All procedures were approved by the university’s ethics committee. Informed consent was obtained from school administrators, parents, and all participating students. Permission to revise the MMC was obtained from the original authors.
2.2. Measures
Academic Coping: Academic coping was assessed using the MMC (E. Skinner et al., 2013). In this study, students responded to items with reference to four typical academic situations, such as “when I have problems in an important exam” and “when I have difficulties in a particular subject.” The original MMC includes 55 items covering 11 first-order families (five adaptive and six maladaptive) rated on a 4-point Likert scale (1 = Not at all true for me; 4 = Very true for me), with higher scores indicating more frequent use of the strategy. Across the present sample, the subscale reliabilities ranged from 0.87 to 0.93. In line with the original framework, these coping families represent theoretically coherent groupings of items; in the present study, we refer to them as first-order factors when describing our statistical models.
Academic Self-Efficacy: Academic self-efficacy was measured using the self-efficacy subscale of the Self-Regulated Learning Strategy Questionnaire developed by Kong and Lu (2012), which was adapted from the Motivated Strategies for Learning Questionnaire (MSLQ; Pintrich et al., 1993). The subscale consists of seven items rated on a 7-point Likert scale (1 = not at all true of me, 7 = very true of me), with higher scores indicating higher levels of academic self-efficacy. In this study, Cronbach’s α ranged from 0.958 to 0.962 across samples.
Academic Burnout: Academic burnout was measured using the School Burnout Inventory (SBI; Salmela-Aro et al., 2009), which assesses students’ feelings of strain and exhaustion related to their schoolwork. The scale consists of 9 items forming three dimensions: exhaustion, cynicism, and feelings of inadequacy (lack of efficacy). Items are rated on a 6-point Likert scale (1 = completely disagree, 6 = strongly agree), with higher scores indicating higher levels of academic burnout. In this study, Cronbach’s α ranged from 0.958 to 0.960 across samples.
2.3. Data Analyses
All analyses were conducted using Mplus 8.3 and R 4.3.1 (two-tailed, α = 0.05). In Mplus, models were estimated using maximum likelihood estimation (MLR), full information maximum likelihood (FIML), and exploratory structural equation modeling (ESEM) with target rotation.
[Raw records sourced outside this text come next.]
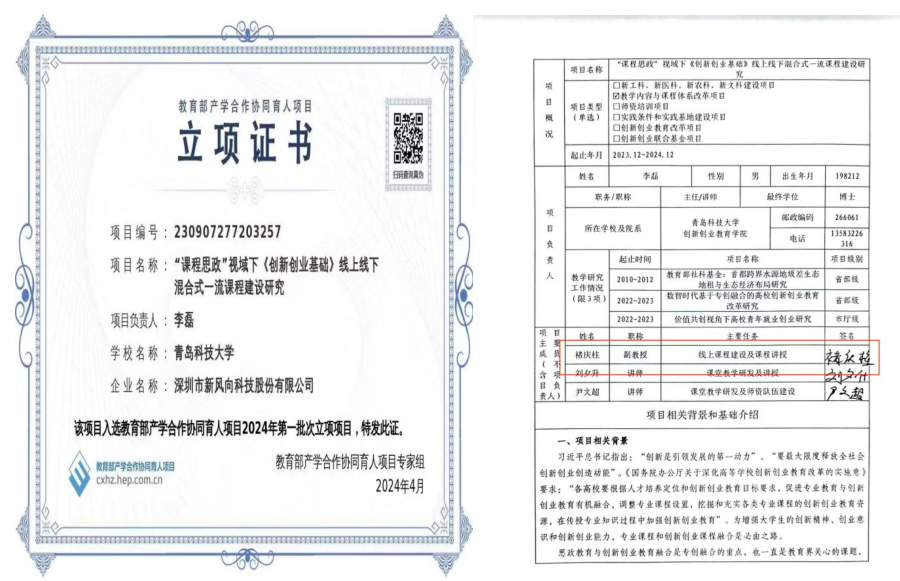 教育部产学合作协同育人项目:“课程思政”视域下《创新创业基础》线上线下混合式一流课程建设研究
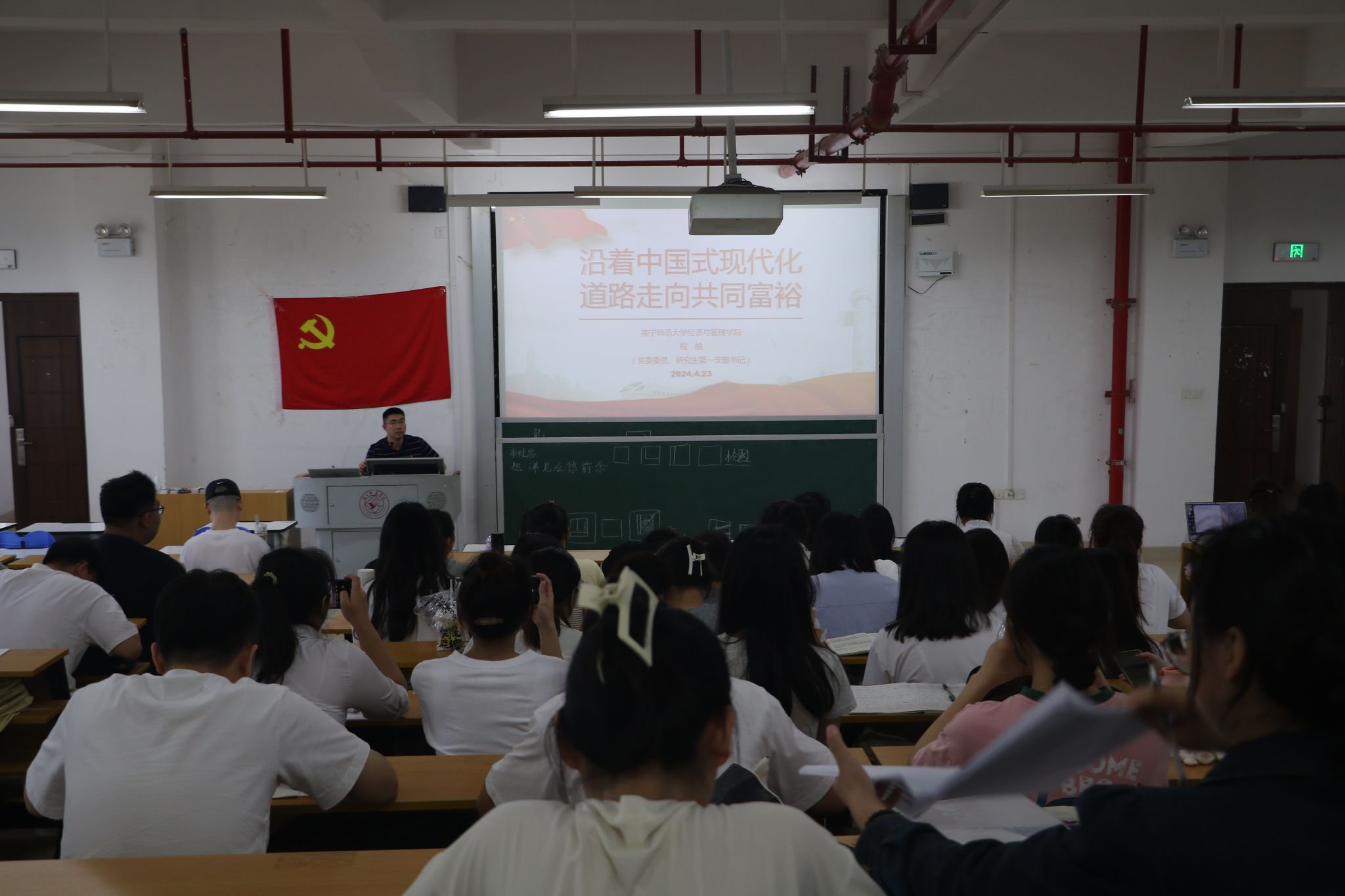 第二讲由韦海鸣院长紧密围绕“坚持高质量发展作为新时代的硬道理”的主题,重点从“发展是硬道理”的提出、高质量发展的提出、“新时代硬道理”的论断、区域的高质量发展、当代大学生的高质量发展五个方面进行深入讲解,使预备党员明白坚持发展是硬道理的战略思想不能动摇,紧跟新时代中国高质量发展的脚步,贯彻落实习近平总书记对广西“五个更大”重要的要求,把人生理想融入国家和民族的事业中,将个人奋斗融入新时代高发展格局。
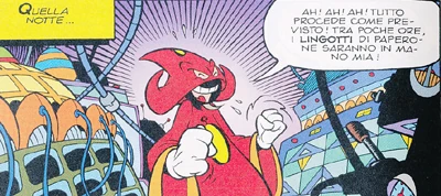 Nella sua prima apparizione riesce a rapire e a trasportare in uno spazio intradimensionale il miliardario Paperon de' Paperoni, chiedendo per il suo rilascio una cifra esorbitante di dollari in lingotti d'oro. I suoi piani verranno sventati da Paperinik.

Stage 1: Revision and Validation of the First-Order Structure
In Stage 1, the proposed MMC-SF was refined and validated while retaining 11 first-order factors. Item reduction followed the short-form development guidelines (Smith et al., 2000) and SEM-based item screening criteria (Byrne, 2012; Hair et al., 2009). In Sample 1, we evaluated the psychometric quality of the original 55-item MMC. Given that coping strategies in real settings often overlap and co-occur functionally, we employed ESEM (MLR, target rotation; Asparouhov & Muthén, 2009) to accommodate cross-loadings, thereby capturing a more realistic and conceptually nuanced representation of the coping construct during item screening. This approach allowed us to identify and remove items with weak measurement properties or conceptual overlap based on empirical evidence and theoretical considerations. The resulting item set was then tested in Sample 2 using 11-factor CFA (MLR) to confirm the first-order structure and evaluate the psychometric adequacy of the MMC-SF in an independent sample.
Stage 2: Identification and Validation of the Higher-Order Functional Structure
To examine the broader organization of academic coping, we first estimated the inter-factor correlation matrix (Phi) among the 11 coping factors in Sample 1 for later analyses. The Phi matrix reflects the correlation structure among the first-order factors and provides a construct-level basis for examining higher-order organization (Wolff & Preising, 2005) while reducing the influence of item-specific variance, consistent with transactional and developmental perspectives that view coping as an interconnected set of responses rather than isolated strategies.
Our theoretical framework suggests that coping may be organized into a limited number of higher-order functional dimensions. To determine the number of higher-order factors, we first examined the eigenvalue pattern (Kaiser, 1960) and then conducted parallel analysis (Horn, 1965; Hayton et al., 2004) in Sample 1. Higher-order EFA was then conducted using maximum likelihood extraction with direct oblimin rotation to explore the latent higher-order structure (Fabrigar et al., 1999). To validate this higher-order structure, second-order CFA (Marsh et al., 2014) was tested in Sample 2 to ensure that the first-order factors were appropriately grouped into higher-order dimensions. The model comparisons considered fit indices (comparative fit index [CFI], Tucker–Lewis index [TLI], root mean square error of approximation [RMSEA]), and theoretical interpretability.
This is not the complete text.